If the CBS/YouGov poll results were similar to other recent poll results about the proposed wall, then I could see the validity of this argument. But an even more recent poll suggests that the CBS/YouGov poll was an outlier. The Public Religion Research Institute (PRRI) commissioned a survey during the exact same period. PRRI’s director of research, Daniel Cox, reported out the results:
The public is not any more supportive of building a wall along the U.S.-Mexico border. Thirty-one percent of the public favor the construction of a wall while 63% are opposed. Public views have not changed significantly over the past six months. In 2017, roughly one-third (36%) of Americans expressed support for the construction of a wall along the country’s southern border.3Political differences are again stark. More than two-thirds (68%) of Republicans support building a border wall while 27% of independents and only 7% of Democrats agree. Nearly nine in ten (89%) Democrats oppose building a wall along the U.S.-Mexico border.
I also checked Polling Report to see what other polls in the past two months said about U.S. attitudes about building the wall. Here’s what I found:
- Quinnipiac University Poll. June 14-17, 2018: 39 percent support building a wall, 58 percent are opposed.
- Pew Research Center. June 5-12, 2018: 40 percent support building a wall, 56 percent are opposed.
- CBS News Poll. May 3-6, 2018: 38 percent support building a wall, 59 percent are opposed.

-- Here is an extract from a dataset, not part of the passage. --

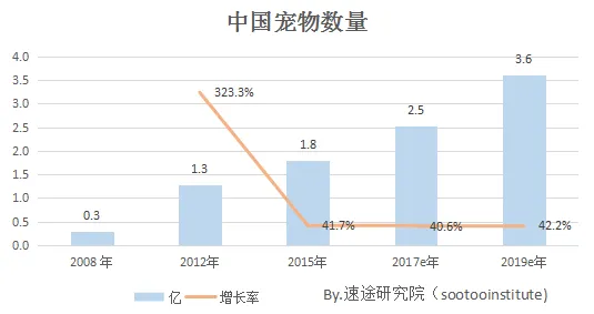 如今,宠物已逐渐成为大多数家庭重要组成成员之一,宠物的饲养量呈倍数增长,使宠物行业在近年来得到快速发展。据统计数据显示,2008年我国宠物数量仅有0.3亿只,而到了2012年,宠物数量激增至1.3亿只,增长率为323.3%;随着宠物热的持续,预计2017年宠物数量将达到2.5亿只,而到了2019年这一数字将以42.2%的增长率增长至3.6亿只。
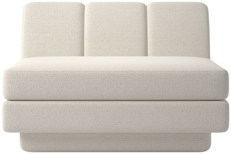 Taking stylistic nods from 1970s Italian design and the designers' own laid-back Southern California aesthetic, armless chair by Lawson-Fenning has generous proportions for gathering and relaxing. A deep seat is complemented by a relaxed back with wide-set channel tufting. Each piece is assembled by hand to ensure a level of quality befitting the design. Coordinates with other pieces from the Yarrow collection to create a sectional sofa. CB2 exclusive.

So, since May, five polls have been conducted on the question of building the wall. Exactly one of them shows a bare majority in favor of building the wall if the responses are aggregated. The other four show pretty solid majorities in opposition. Going further back, the numbers pretty much have looked like this since the 2016 election. The only exception is if the $25 billion price tag gets mentioned — in which case, support for building the wall drops to the low 30s. Oh, and as it turns out, the mainstream media has less of an effect on public attitudes on this issue than the president’s bully pulpit. So even though he has the largest microphone, Trump is losing.
Maybe, just maybe, that CBS/YouGov result was an outlier because of the way the question was framed.
There is a reason I keep harping on this issue. Pundits keep asserting public support for immigration restriction, but the data keeps not backing up that assertion. A few days ago, Nate Silver noted, “Immigration is a weird issue where pundits, despite being quite liberal on the issue themselves, probably underestimate how liberal the general public is.”
This is a synecdoche of a wider pundit problem in analyzing Trump’s presidency:
The only accurate take about Trump’s standing with the public is he remains a historically unpopular president pursuing a widely unpopular agenda with large public disapproval for his approach to health care, taxes, and yes, immigration.
— b-boy bouiebaisse (@jbouie) June 25, 2018
If conservatives or commentators get most of their polling information from Drudge, then they will infer from this week that Trump’s positions reflect the majority of America. They are very, very wrong.